WHAT TO DO: Your output should be the lines below from the one holding "Ministerpräsident Winfried Kretschmann" through the one holding "照片中何超莲身穿灰色运动服现", transcribed exactly, with no pictures.

AVAILABLE RECORDS:
_ _ _

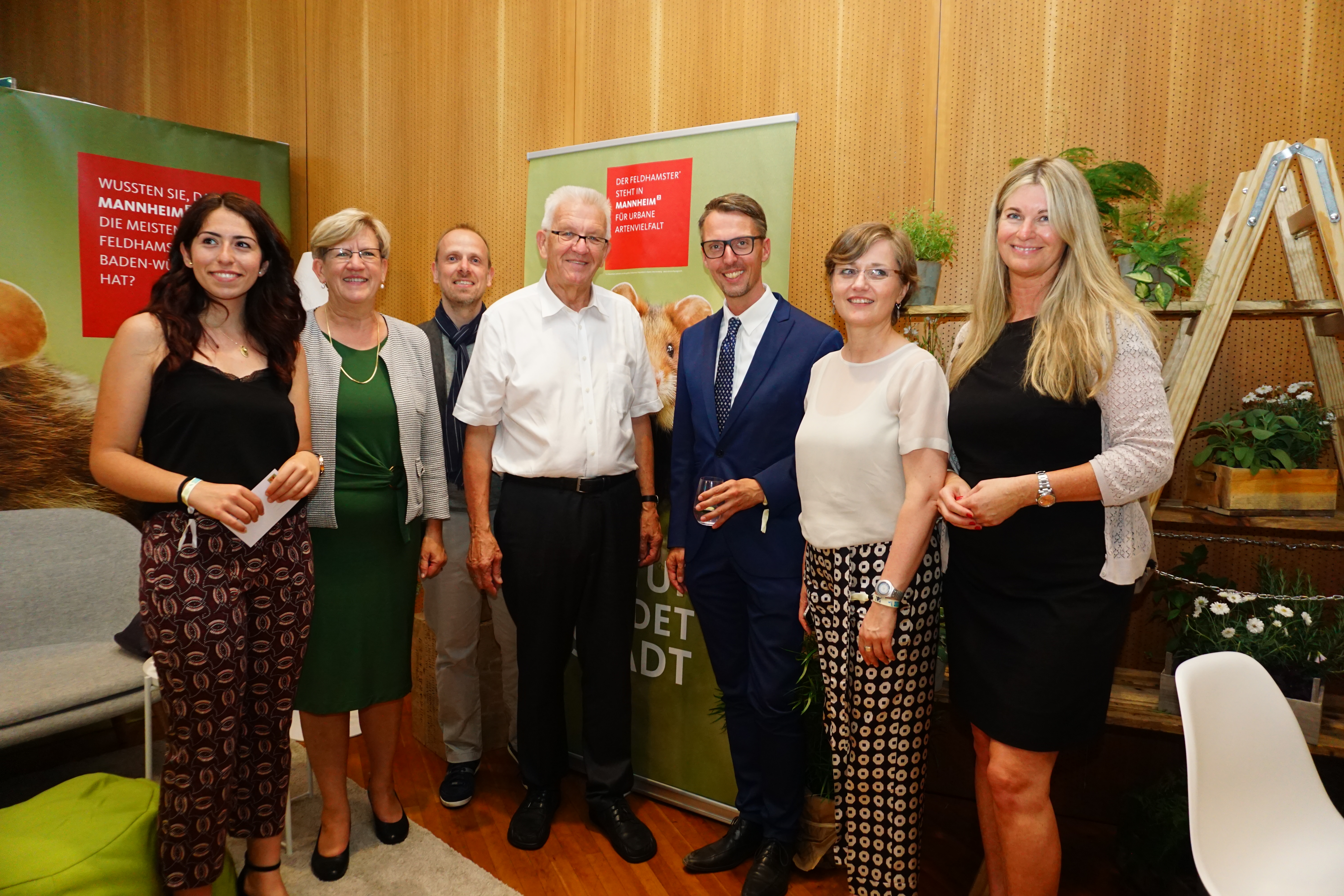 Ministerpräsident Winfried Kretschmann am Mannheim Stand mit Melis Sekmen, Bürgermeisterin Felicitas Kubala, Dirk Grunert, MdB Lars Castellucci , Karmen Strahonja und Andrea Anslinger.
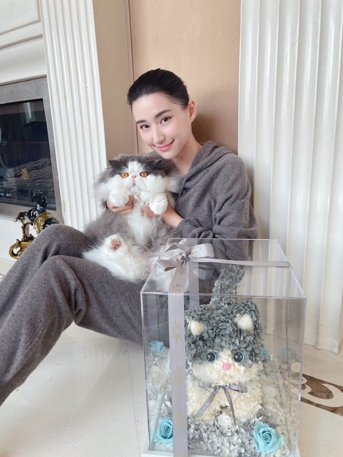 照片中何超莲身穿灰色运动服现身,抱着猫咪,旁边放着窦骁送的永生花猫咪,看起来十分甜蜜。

_ _ _

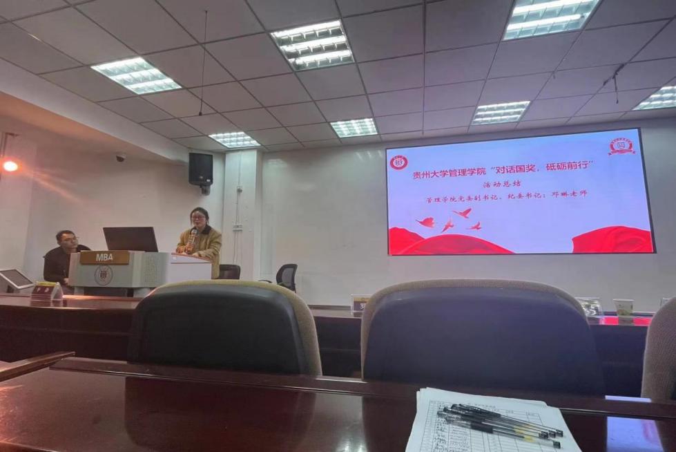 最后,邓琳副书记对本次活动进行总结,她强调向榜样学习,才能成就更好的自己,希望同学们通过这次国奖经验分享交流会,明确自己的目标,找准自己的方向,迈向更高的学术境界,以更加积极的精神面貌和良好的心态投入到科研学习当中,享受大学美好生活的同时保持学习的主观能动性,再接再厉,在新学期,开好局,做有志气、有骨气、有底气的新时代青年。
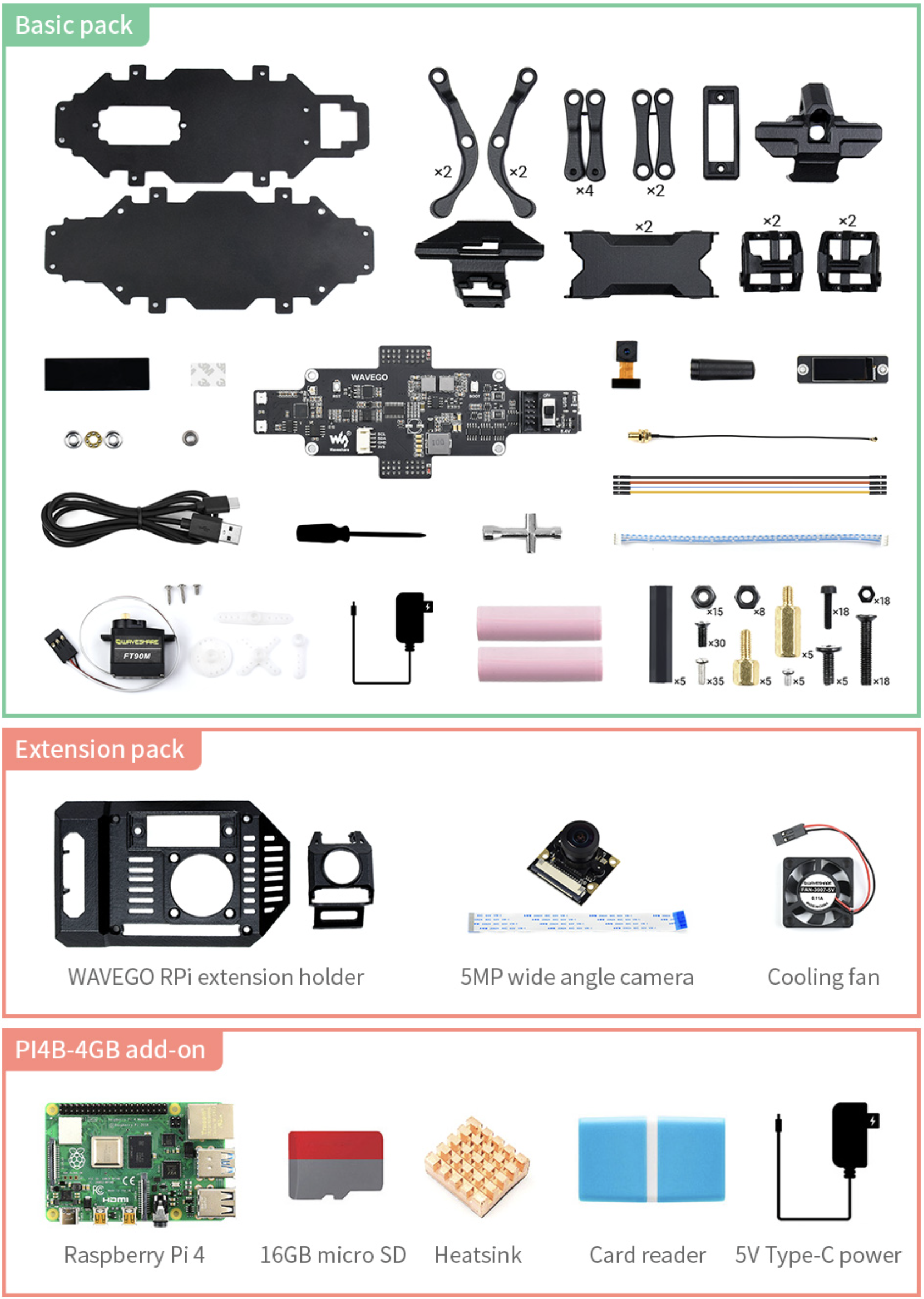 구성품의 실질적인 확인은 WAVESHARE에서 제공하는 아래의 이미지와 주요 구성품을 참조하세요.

_ _ _

RESPONSE:
 Ministerpräsident Winfried Kretschmann am Mannheim Stand mit Melis Sekmen, Bürgermeisterin Felicitas Kubala, Dirk Grunert, MdB Lars Castellucci , Karmen Strahonja und Andrea Anslinger.
 照片中何超莲身穿灰色运动服现身,抱着猫咪,旁边放着窦骁送的永生花猫咪,看起来十分甜蜜。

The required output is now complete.